Die meisten der aufgeführten Personen wurden schnell nach Kriegsende durch die Entnazifizierungsstellen als entlastet eingestuft, sie mussten sich selten vor Gericht verantworten oder sie wurden aufgrund von Verjährung ihrer Taten nicht juristisch verurteilt. So stellt Can Bozyakali in seiner Dissertation z. B. zum Sondergericht am Hanseatischen Oberlandesgericht fest, dass auch in Hamburg bis Anfang der 1950er Jahre 63% aller Justizjuristen, die am Sondergericht tätig gewesen waren, wieder in den Justiz-Dienst eingestellt wurden. „[…] anhand dieser Werte [kann] von einer ‚Renazifizierung‘ gesprochen werden.“ 5)

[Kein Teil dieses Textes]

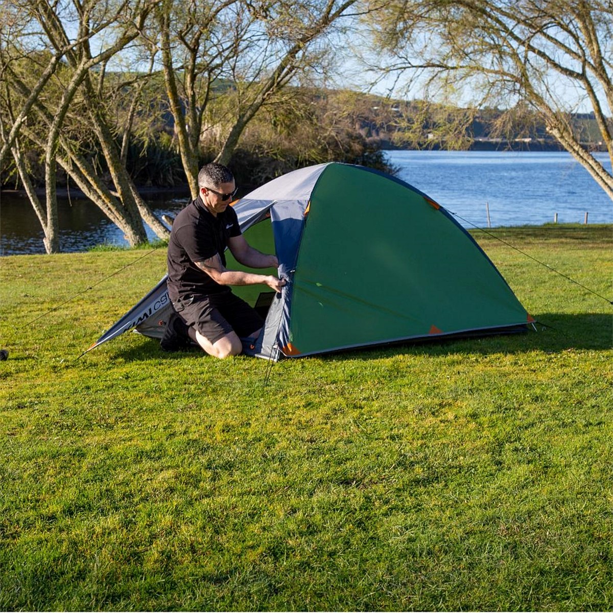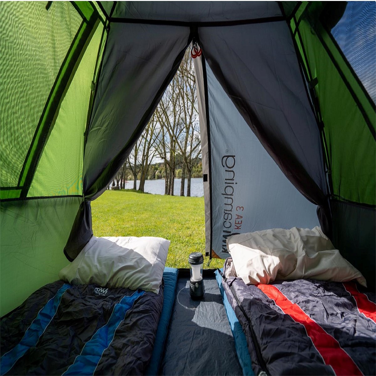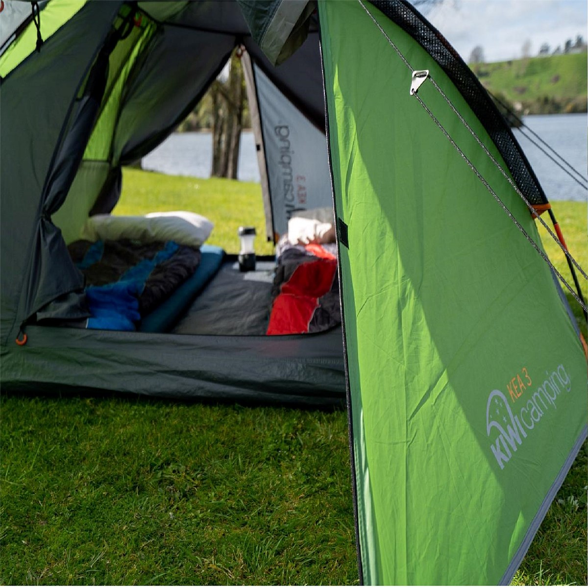 The Kiwi Camping Kea 3 is a great weekend away tent, compact and lightweight, with storage area and windows for ventilation. Ideal for festivals and weekends away.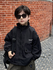 男童韩版连帽拉链冲锋衣春秋装2025新款运动儿童外套休闲户外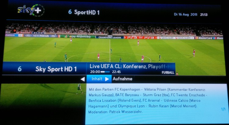 Es sind zwar keine perfekten Bilder, die ich von der neuen Software auf dem Sky+ Receiver machen konnte, aber es gibt dennoch einen ersten Eindruck von den Veränderungen. Vor allem die Farbe ist neu – In einem in blau getauchten Design kommt der Guide frisch gestrichen daher.

Dr. Rita Bake, Dr. Brigitta Huhnke, Katharina Tenti (Stand: Anfang 2016)

1) Mario Erdheim: „I hab manchmal furchtbare Träume … Man vergißts Gott sei Dank immer glei...“ (Herr Karl), in: Meinrad Ziegler, Waltraut Kannonier-Finster: Österreichisches Gedächtnis. Über Erinnern und Vergessen der NS-Vergangenheit. Wien 1993.

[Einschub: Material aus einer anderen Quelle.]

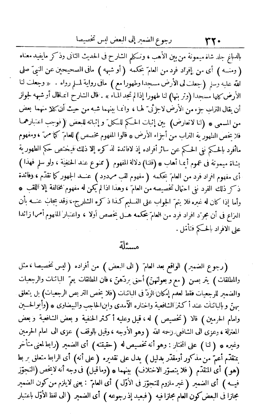 بالدباغ جلد شَاة مَيْمُونَة من بَين الأهب، وَتكلم الشَّارِح فِي الحَدِيث الثَّانِي وَذكر مَا يُفِيد مَعْنَاهُ (وَمِنْه) أَي من إِفْرَاد فَرد من الْعَام بِحكمِهِ (أَو شبهه) مَا فِي الصَّحِيحَيْنِ عَن النَّبِي صلى الله عَلَيْهِ وَسلم (جعلت لي الأَرْض مَسْجِدا وَطهُورًا مَعَ) مَا فِي رِوَايَة لمُسلم رَوَاهُ. " وَجعلت لنا الأَرْض كلهَا مَسْجِدا (وتربتها) لنا طهُورا إِذا لم تَجِد المَاء ". قَالَ الشَّارِح إِنَّمَا قَالَ أَو شبهه لجَوَاز أَن يُقَال التُّرَاب جُزْء من الأَرْض لَا جزئي لَهَا، وَإِنَّمَا بَينهمَا شبه من حَيْثُ أَن كلا مِنْهُمَا بعض من الْمُسَمّى (لنا لَا تعَارض) بَين إِثْبَات الحكم للْكُلّ وإثباته للْبَعْض (فَوَجَبَ اعتبارهما فَلَا يخص الطّهُورِيَّة التُّرَاب من أَجزَاء الأَرْض قَالُوا الْمَفْهُوم مُخَصص) للعام كَمَا مر، وَمَفْهُوم مَا أفرد بالحكم نفى الحكم عَن سَائِر أَفْرَاده إِذا لَا فَائِدَة لذكره إِلَّا ذَلِك فَيخْتَص حكم الطّهُورِيَّة بِشَاة مَيْمُونَة فِي عُمُوم أَيّمَا أهاب (قُلْنَا) دلَالَة الْمَفْهُوم (مَمْنُوع عِنْد الْحَنَفِيَّة، وَلَو سلم فَهَذَا) أَي مَفْهُوم إِفْرَاد فَرد من الْعَام بِحكمِهِ (مَفْهُوم لقب مَرْدُود) عِنْد الْجُمْهُور كَمَا تقدم، وَفَائِدَة ذكر ذَلِك الْفَرد نفى احْتِمَال تَخْصِيصه من الْعَام، وَهَذَا إِذا لم يكن لَهُ مَفْهُوم مُخَالفَة إِلَّا اللقب وَأما إِذا كَانَ لَهُ غَيره فَلَا يتم الْجَواب على التَّسْلِيم كَذَا ذكره الشَّارِح، وَقد يُجَاب عَنهُ بِأَن النزاع فِي أَن مُجَرّد إِفْرَاد فَرد من الْعَام بِحكمِهِ هَل يخصص أَولا، وَاعْتِبَار الْمَفْهُوم أمرا زَائِدا على الْإِفْرَاد بالحكم فَتَأمل.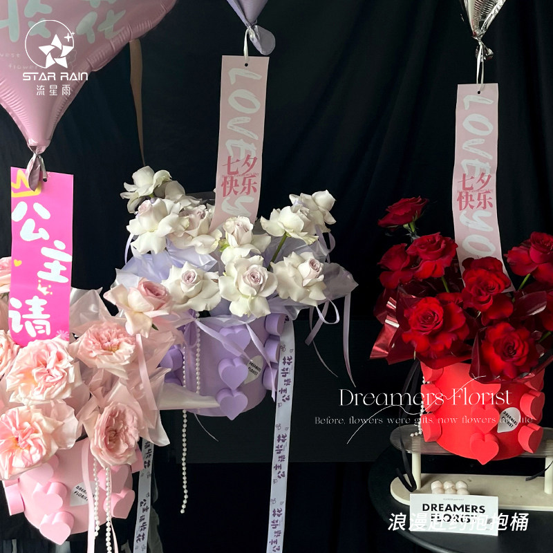 流星雨爱心鲜花抱抱桶花桶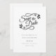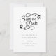 This simple black and white save the date card features a pretty script save the date with a leaf motif, set above your details in an elegant modern text.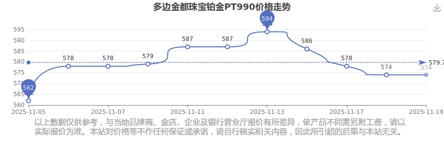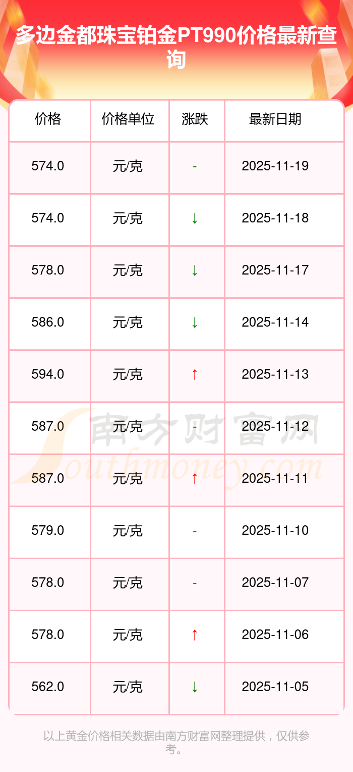 574.0元/克的价格,是多边金都珠宝今日 铂金PT990的最新行情。

2) Wolfram Wette: Deutschlandfunk-Interview am 20.11.2014, anlässlich seines neuen Buches: „Ehre, wem Ehre gebührt. Täter, Widerständler und Retter - 1933-1945“, Bremen 2015.
3) Raphael Gross: Anständig geblieben. Frankfurt a. M.  2010, S. 17.
4) Wolfgang Benz: „Ich bin schon froh, wenn es nicht schlimmer wird". Der Historiker Wolfgang Benz über die lange Geschichte der Fremdenfeindlichkeit in Deutschland – und was neu ist an den Pegida-Märschen. Interview: Markus Flohr und Gunter Hofmann, in ZEIT online vom 21. Dezember 2015. www.zeit.de/zeit-geschichte/2015/04/wolfgang-benz-pegida-antisemitismus-fremdenfeindlichkeit
5) Can Bozyakali: Das Sondergericht am Hanseatischen Oberlandesgericht: Eine Untersuchung der NS-Sondergerichte unter besonderer Berücksichtigung der Anwendung der Verordnung gegen Volksschädlinge, Frankfurt/ Main 2005, S. 235.